Nothing but the lines from the one containing "ブルーを基調に、胴の部分にグ" to the final line of the entries should appear, copied exactly and without pictures.

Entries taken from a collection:
☆ ☆ ☆ ☆ ☆
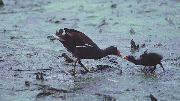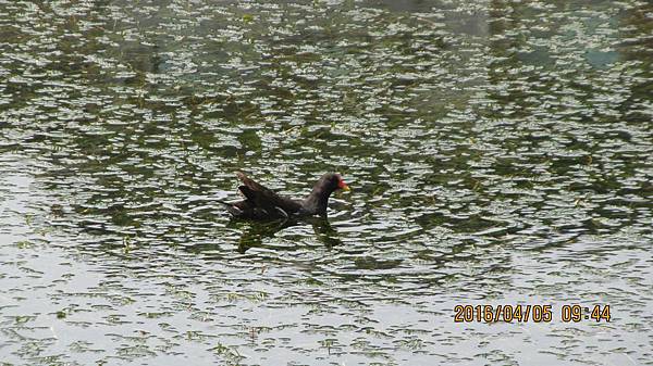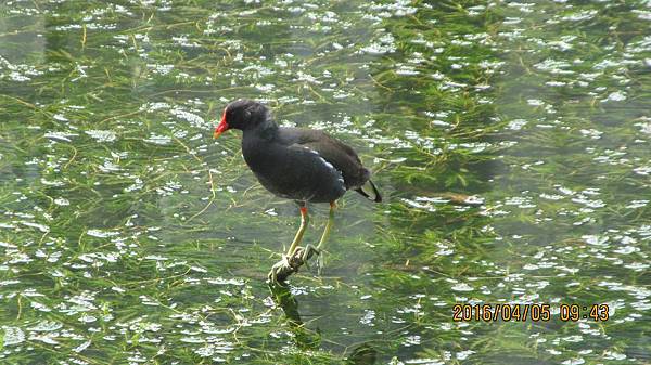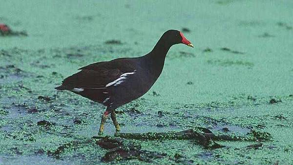 英文:Common Moorhen 學名: Gallinula chloropus。秧雞科,俗稱黑水雞。在台灣的閩南人叫她「水加令」;客家人稱她「紅骨雞」。
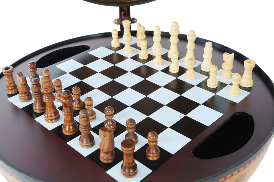 Globe en bois rouge de 13 pouces fabriqué à la main avec support d'échecs Base ronde et carte du monde de style vintage Accessoire décoratif pour bureau à domicile
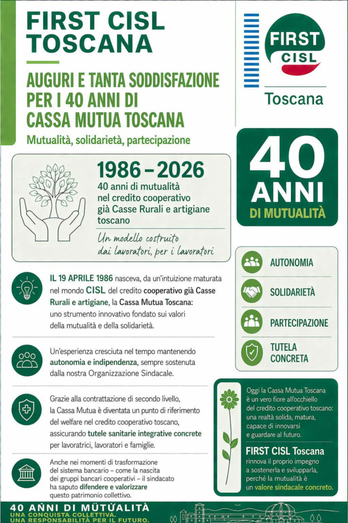 40 anni fa nasceva da un’intuizione nel mondo CISL del Credito Cooperativo, la Cassa Mutua Toscana: uno strumento innovativo fondato sui valori della mutualità e solidarietà. Un’esperienza cresciuta nel tempo mantenendo AUTONOMIA e INDIPENDENZA, sempre sostenuta dalla nostra Organizzazione Sindacale CISL.
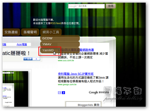 首先利用上面的連結連到本站yamMD的分頁,或是你可以在本站頁面上方的分頁選單找到「網頁小工具->yamMD」。
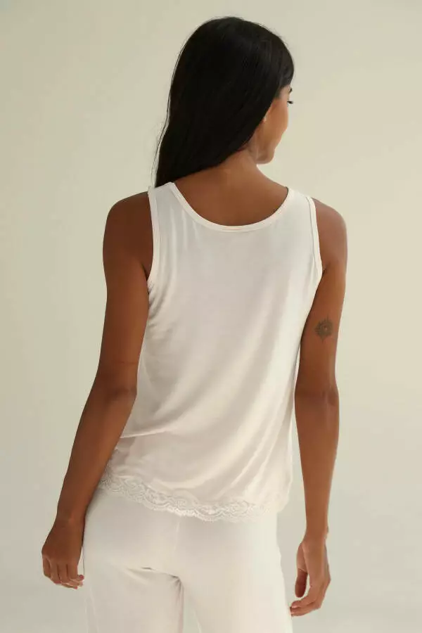 Кремовий колір надає майці особливого шарму, додаючи образу ніжності та спокою. Це універсальний, м'який відтінок, який пасує будь-якому типу шкіри та легко комбінується з іншими елементами домашнього гардеробу, такими як шорти, піжамні штани чи легкий халат. Кремовий колір асоціюється з природністю та затишком, створюючи відчуття тепла й комфорту, що робить цю майку чудовим вибором для релаксу та відновлення сил.
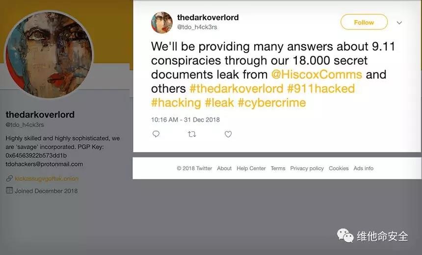 Dark Overlord发布了第一批与911恐袭相关的650份机密文件的解密密钥。之前Dark Overlord声称从英国保险公司Hiscox窃取了大量文件,其中包括与911诉讼案件相关的数万个文件。Dark Overlord威胁将向公众披露这些文件,除非该公司支付一笔比特币赎金。Dark Overlord宣布了一项“分层发布计划”,公众可以向其支付比特币以解锁这些文件,这次披露的即为第一层的文件。
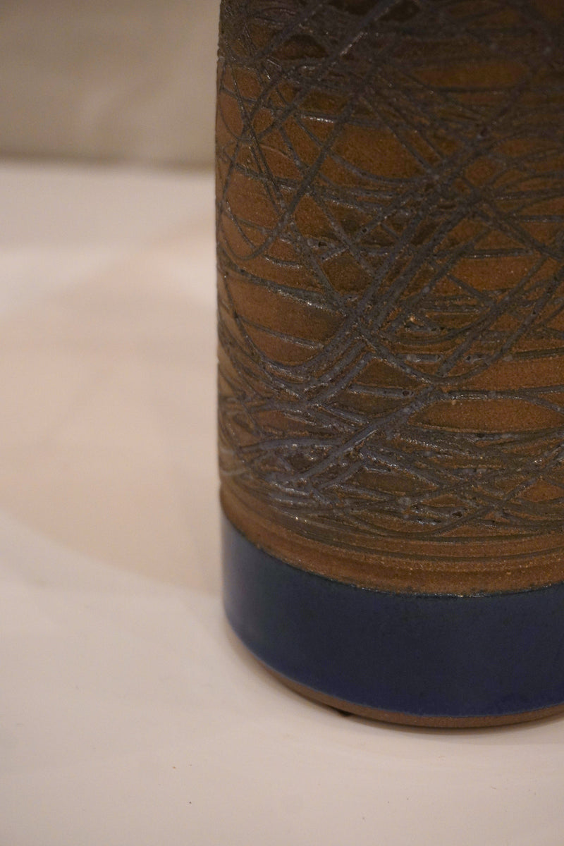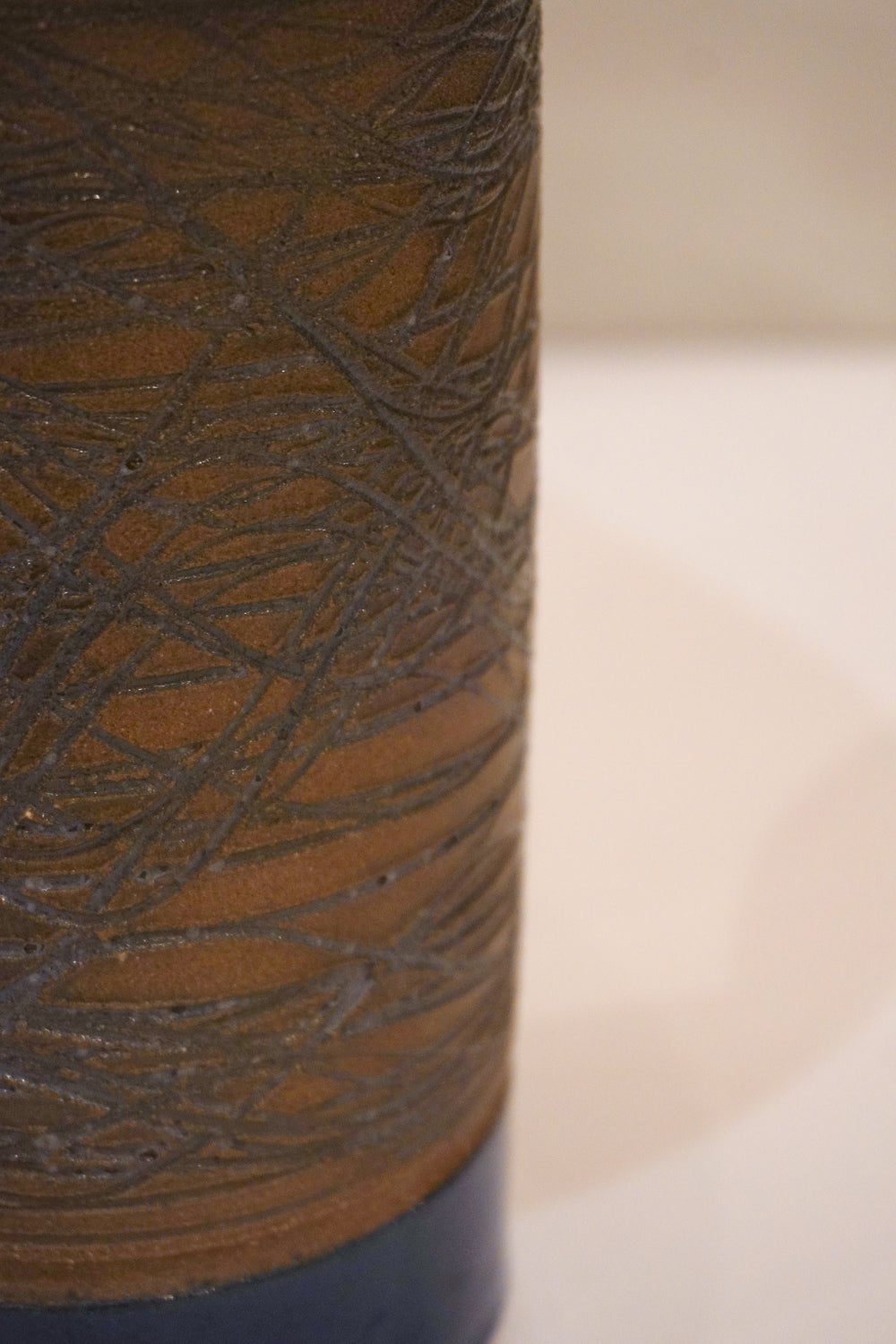 ブルーを基調に、胴の部分にグレー、その上から幾重にも曲線を彫り描き模様を形成しいます。
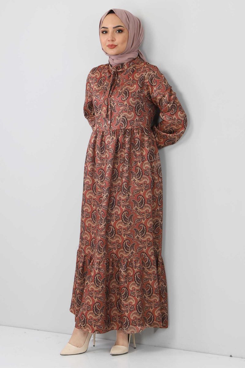 Tesettür Dünyası Kahverengi Şal Desenli Elbise
☆ ☆ ☆ ☆ ☆
• _Solved problem_
 ブルーを基調に、胴の部分にグレー、その上から幾重にも曲線を彫り描き模様を形成しいます。
 Tesettür Dünyası Kahverengi Şal Desenli Elbise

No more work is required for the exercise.